Report April 2, 2019
Global Upstream portfolio
We aim to highgrade our diverse portfolio of opportunities, selectively invest in the most advantaged projects, and execute projects with the highest standards of excellence. This approach enables us to meet the world’s growing demand for energy, while also creating value for resource owners and shareholders. These principles have delivered the most attractive Upstream opportunities since the Exxon and Mobil merger, with assets that have an industry-competitive cost of supply, positioning us to perform competitively in a wide range of price environments. We have an Upstream presence in 41 countries and the World Oil and Gas Council named ExxonMobil “Explorer of the Year” for the second year in a row in 2018.
Report April 2, 2019
Global Upstream portfolio
Global net production by region
(percent, oil-equivalent barrels)
We produced 3.8 million net oil-equivalent barrels per day in 2018, with 59 percent liquids and 41 percent natural gas.

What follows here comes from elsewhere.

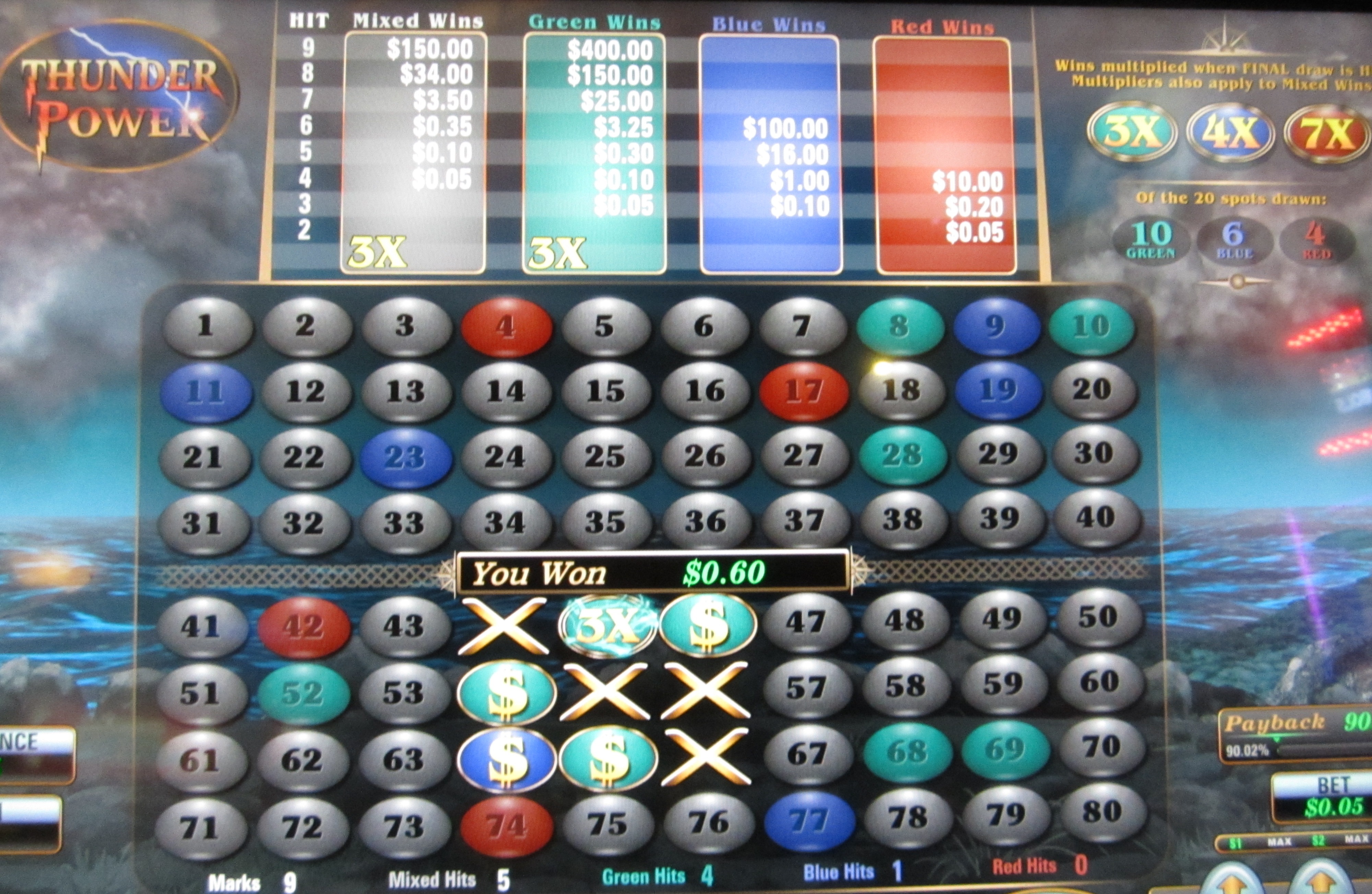 Thunder Power é um jogo baseado em keno encontrado em máquinas multijogos fabricadas pela U1 Gaming . Já vi essas máquinas nos cassinos Las Vegas Club, Rampart, El Cortez e Dotty's em Las Vegas. A essência do Thunder Power é que o jogo sorteia bolas de cores diferentes e, dependendo da quantidade de bolas de cada cor sorteadas e da combinação de cores, existem quatro maneiras diferentes de ganhar.

We successfully added new production volumes to our portfolio in 2018, while maintaining a focus on producing the most profitable barrels. Successful ramp-up of the Odoptu Stage 2 project in Russia contributed to a record level of production output from Sakhalin-1. Rig count in the United States doubled during the year, contributing to an increase in liquids production across U.S. unconventional plays of more than 70,000 barrels per day, primarily from the Permian. In Canada, the Kearl asset achieved a record average production level of 206,000 barrels per day gross, and the Hebron platform, which started up in late 2017 offshore Eastern Canada, continued to ramp up, reaching nearly 100,000 barrels per day of gross production at year end. The first of two FPSO vessels at the Kaombo project in Angola Block 32 began production during the year, with the second FPSO vessel expected to start up in 2019.
Liquids growth of more than 3 percent
(Excluding impact of entitlements and divestments.)
Upstream investments are focused on producing low-cost, high-return supplies of hydrocarbons that result in earnings and cash-flow growth across a range of price environments. We also continue to capture and test exploration acreage, pursue acquisitions and divestments, and sanction developments to highgrade our portfolio and create a pipeline of growth opportunities.
The Americas represent the largest component of our Upstream portfolio by resource base and production. The region includes assets across multiple resource types, including unconventional oil and natural gas, oil sands, deepwater, and conventional. Exploration activity in 2018 led to multiple attractive acreage captures in the region, including in Brazil, Canada, Suriname, and the U.S. Gulf of Mexico.
In addition to the Permian, we remain active in other opportunity-rich areas across the United States. For example, we more than doubled operated rig count outside of the Permian to 24 rigs and spud more than 225 wells during the year.
The Bakken is a key growth area for tight oil, with net production volumes in 2018 averaging more than 80,000 barrels of liquids per day and more than 105 million cubic feet of natural gas per day.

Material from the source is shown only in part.